Fávero e Lima (2011), após um extenso estudo histórico em fontes documentais, estabelecem que a primeira instituição universitária criada pelo governo federal foi a Universidade do Rio de Janeiro em Decreto de sete de setembro 1920, sendo posteriormente reorganizada e institucionalizada como Universidade do Brasil, em 1937. Menos importante do que atestar de fato qual dessas instituições detém o título de inaugural é perceber, em meio a essas discussões, o contexto de instabilidade e inconstância em que o ensino superior brasileiro foi iniciado.

Essas primeiras instituições de Ensino Superior no Brasil foram praticamente transplantes ou adaptações primitivas das instituições européias consideradas referências até hoje. Entretanto, não só de importações de modelos prontos se fez a história das universidades brasileiras. A busca por uma identidade nacional foi característica principal do projeto de Anísio Teixeira para a Universidade do Distrito Federal (UDF), que marcou significativamente a história da educação no país. Em 1934, enquanto Secretário de Educação do Distrito Federal, no Rio de Janeiro, Anísio Teixeira reuniu intelectuais da época para o projeto da UDF e os desafiou a pensar um ensino universitário a partir dos princípios da educação democrática. O resultado

foi um projeto cujas pretensões inovadoras e revolucionárias provocaram a exoneração, perseguição e ameaça de prisão de Anísio.

A UDF foi concebida com grande clareza do sentido e das funções da universidade e bastante originalidade em um papel renovador para o ensino superior brasileiro. Com ênfase no ensino e pesquisa, havia uma preocupação com a promoção e disseminação cultural não só para seus alunos ou comunidade acadêmica, mas para toda a sociedade brasileira:

a cultura brasileira se ressente, sobretudo, da falta de quadros regulares para a sua formação. Em países de tradição universitária, a cultura une, socializa e coordena o pensamento e a ação. No Brasil, a cultura isola, diferencia, separa. E isso, por quê? Porque os processos para adquiri-la são tão pessoais e tão diversos, e os esforços para desenvolvê-la, tão hostis e tão difíceis, que o homem culto, à medida que se cultiva, mais se desenraíza, mais se afasta do meio comum, e mais se afirma nos exclusivismos e particularismos de sua luta pessoal pelo saber (Teixeira, 1998, p. 40).

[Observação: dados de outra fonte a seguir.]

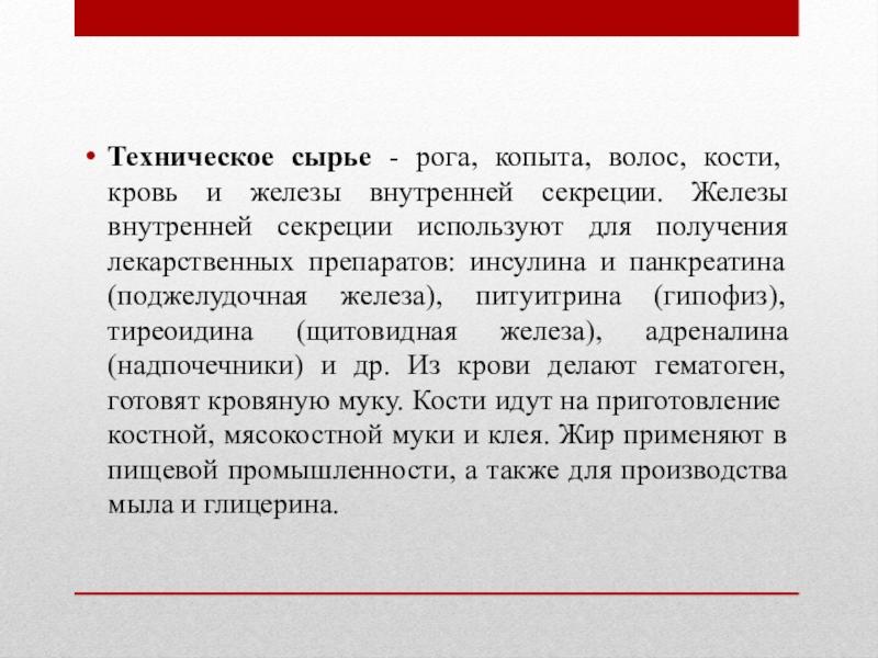 Слайд 8Техническое сырье - рога, копыта, волос, кости, кровь и железы внутренней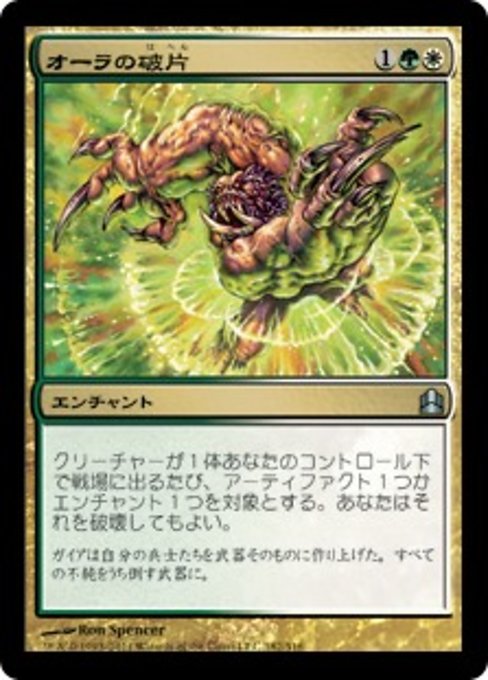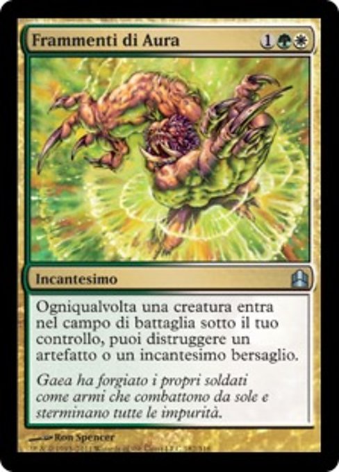 ![]() Variations— Parts— | Frammenti di AuraOgniqualvolta una creatura entra nel campo di battaglia sotto il tuo controllo, puoi distruggere un artefatto o un incantesimo bersaglio.

Dessa forma, a importância dada à formação de indivíduos com domínio do saber historicamente acumulado para compor os quadros necessários e os ofícios úteis não suplantava a atenção à premência de se criar um ambiente de saber que facilitasse a participação de todos na formação intelectual da experiência humana (Fávero, 2011). Fica clara a elaboração de Anísio quanto à função social da universidade, sua importância como fonte para a própria constituição da sociedade e criação da identidade nacional. A universidade se constitui, portanto, tanto em lócus de investigação e produção de conhecimento quanto do desenvolvimento da nação, como um núcleo de formação intelectual do País. Nas palavras do educador:

a função da Universidade é uma função única e exclusiva. Não se trata, somente, de difundir conhecimentos. O livro também os difunde. Não se trata, somente, de conservar a experiência humana. O livro também a conserva. Não se trata, somente, de preparar práticos ou profissionais, de ofícios ou artes. A aprendizagem direta os prepara, ou, em último caso, escolas muito mais singelas do que as universidades.

Trata-se de manter uma atmosfera de saber pelo saber para se preparar o homem que o serve e o desenvolve. Trata-se de conservar o saber vivo e não morto, nos livros ou no empirismo das práticas não intelectualizadas. Trata-se de formular intelectualmente a experiência humana, sempre renovada, para que a mesma se torne consciente e progressiva (Teixeira, 1998, p. 35)

Entendendo a universidade como indispensável para a existência autônoma de um povo, o exercício da liberdade e a autonomia universitária eram uma exigência para sua concretização (Fávero, 2011). Em um contexto político autoritário e de inquietação e perseguição política, a UDF existiu por apenas quatro anos e se configurou em utopia vetada, apesar de ser uma

experiência universitária fecunda (Morosini, 2011). Nessa experiência estão as bases do que viria a ser, na década de 1960, o projeto original da Universidade de Brasília.